Я захожу в дом и ко мне тут же спешит мама:
– Боже, Лиза, что случилось?
Я бросаю взгляд в зеркало в прихожей, и сама поражаюсь своему внешнему виду: волосы растрёпаны и влажными прядями собрались у висков; на шее и груди блестит пот; кое-где по телу мазками видна кровь, уже заветренная, но всё же… Его кровь.
Меня снова начинает бить озноб.
– На Руслана, нашего соседа, напали… У Пляжа, – вру я, глядя на свои руки. – Я была рядом и помогла ему добраться до дома.
– С ума сойти! Ты в порядке? Отец пошёл оказать ему помощь?
– Да. И да, я в порядке. Правда, мне нужно в душ.
– Хорошо, – глядя на меня с тревогой, уступает она мне дорогу к лестнице, но всё же спрашивает: – Но… Лиззи, что ты делала в такой поздний час на Пляже? Я думала ты давно отправилась в свою комнату.

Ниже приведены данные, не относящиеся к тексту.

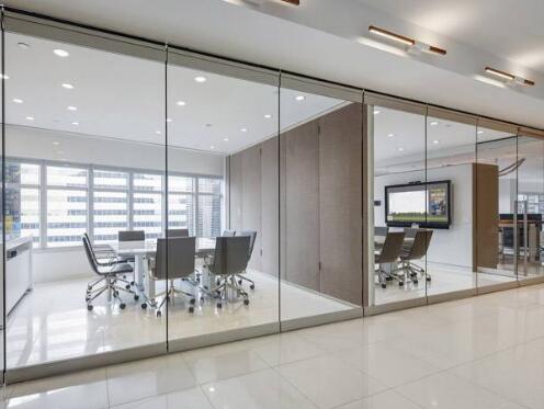 普通玻璃隔斷是我們在最常見到的一種辦公室裝修隔斷方式,而玻璃隔斷的優點也很明顯,可以讓辦公室顯得更加寬敞、明亮,而且也有著環保、裝修速度快的優點,但在隔音效果上相對較差一些。

– Я… Мне захотелось посмотреть на ночное море, – говорю я быстро и спешу подняться по лестнице. Хорошо, что она не видит моего лица – мне жаль, что приходиться врать.
Первым делом я распахиваю шторы на окне. Я хочу увидеть, когда в его комнате загорится свет. Мне важно знать, что с ним всё в порядке, что я поступила не глупо, решив поддаться его воле и не везти его в больницу. А затем я оправляюсь в душ.
Никогда я не мылась так быстро и в тоже время так тщательно.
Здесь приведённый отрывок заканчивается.